Cover for Shadow of NightAs with most second books of a trilogy, Shadow of Night is transitional and therefore harder to describe than the first book.

At the end of the A Discovery of Witches, the first book of Deborah Harkness’s “All Souls Trilogy,” Diana Bishop, an Oxford scholar and nonpracticing witch, and her husband Matthew Clairmont, a geneticist and vampire, were forced to flee because a union between a witch and a vampire is forbidden. Using Diana’s newly discovered time-travel skills, they have arrived in Elizabethan England so that Diana can find a witch to help her learn her powers. Even more importantly, they want to look for Ashmole 782, an enchanted manuscript that Matthew believes may hold the secret to the existence of witches, vampires, and daemons. This decision proves potentially hazardous, though, as the age they’ve chosen is one of persecution of witches and Diana has a tendency to draw attention to herself.

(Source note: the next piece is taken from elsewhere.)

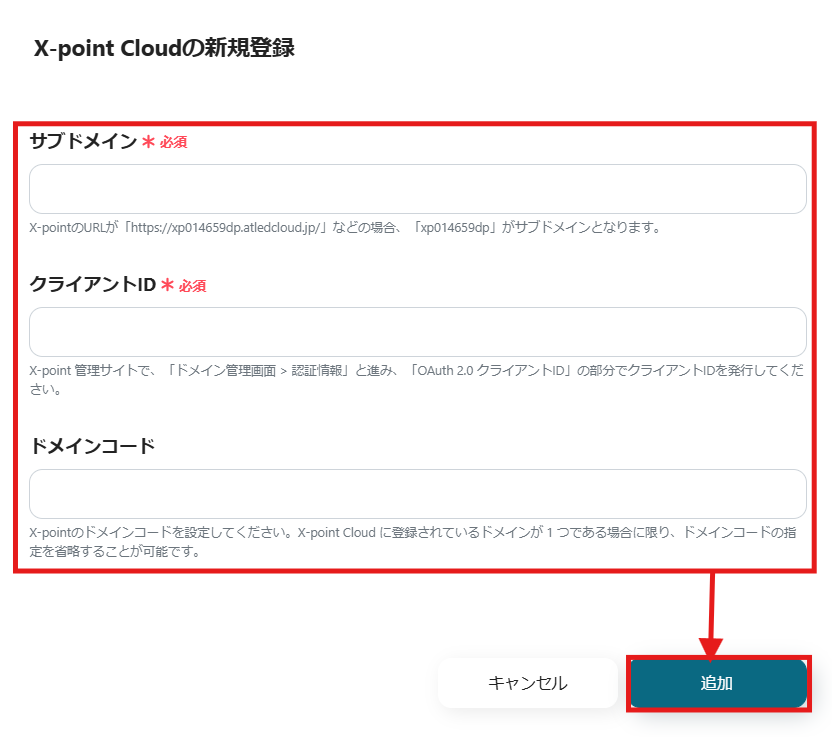 X-point Cloudを選択できたら、サブドメインとクライアントID、ドメインコードを入力し、「追加」をクリックします。

In Tudor England Matthew of the past is part of an intellectual group called the School of Night, the members of which include Sir Walter Raleigh and Kit Marlowe. Kit is a deeply disturbed daemon who is insanely jealous of Diana. Another hazard is that Matthew’s acquaintances may realize he is not the same person as the person from the past. In the meantime, both Diana and Matthew’s friends and enemies back in the present time watch for clues to their existence in the past.

Although this novel is a great sequel that propels you to the next book, it has the typical middle book problem of furthering the plot without arriving anywhere. Strictly because of personal taste, I could also have done without some of the heavy romantic passages, although other readers will like them. Nevertheless, I am extremely interested to see how Diana and Matthew will resolve all their problems in the final book.

Day 122: The Tudor Secret

The Tudor SecretI have heard about C. W. Gortner before, but The Tudor Secret is the first book of his I have read. My overall impression is that the book reflects some knowledge of Tudor times and some research, but is generally on the light side, with a fairly predictable plot.

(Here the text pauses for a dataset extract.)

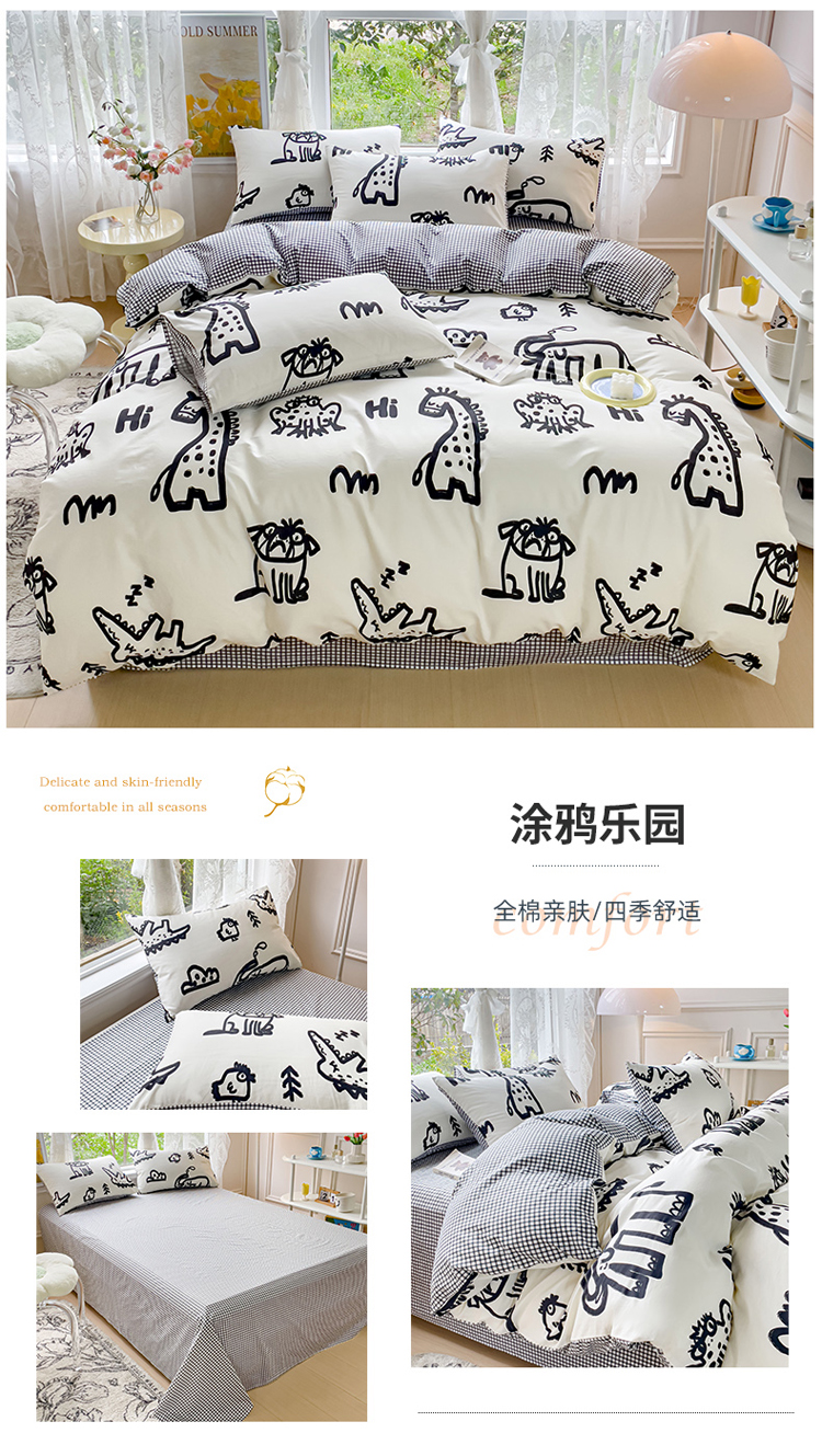(总)感遇家纺 2021新款小清新卡通系列四件套,饼干森林,快乐星球,长颈鹿

Brendan Prescott is a servant of the powerful Dudley family, a foundling who has been mistreated by the Dudleys all of his life. He is surprised when he is removed from the stables and given training as a body servant. He is dismayed when he is sent to court to wait on the cruel Robert Dudley.

He is almost immediately thrust into dangerous circumstances as he tries to help the Princess Elizabeth see her dying brother, King Edward. Edward’s regent Northumberland, Robert’s father, is trying to keep everyone away from the king.

Elizabeth is in contention for the throne against her half-sister Mary. But Northumberland is trying to manipulate his daughter-in-law, Lady Jane Grey, and his son Lord Guildford Dudley, onto the throne. Soon, Brendan finds himself spying for William Cecil to help Princess Elizabeth.

Although the Tudor era was a turbulent time, involving much intrigue and a lot of paranoia, I felt that some of the plots suggested in the book were absurd, such as Northumberland poisoning Edward so that he can put himself on the throne. I understand from reading one of the reviews on Amazon that this was an early book by Gortner and not up to his usual level, so perhaps I will try another.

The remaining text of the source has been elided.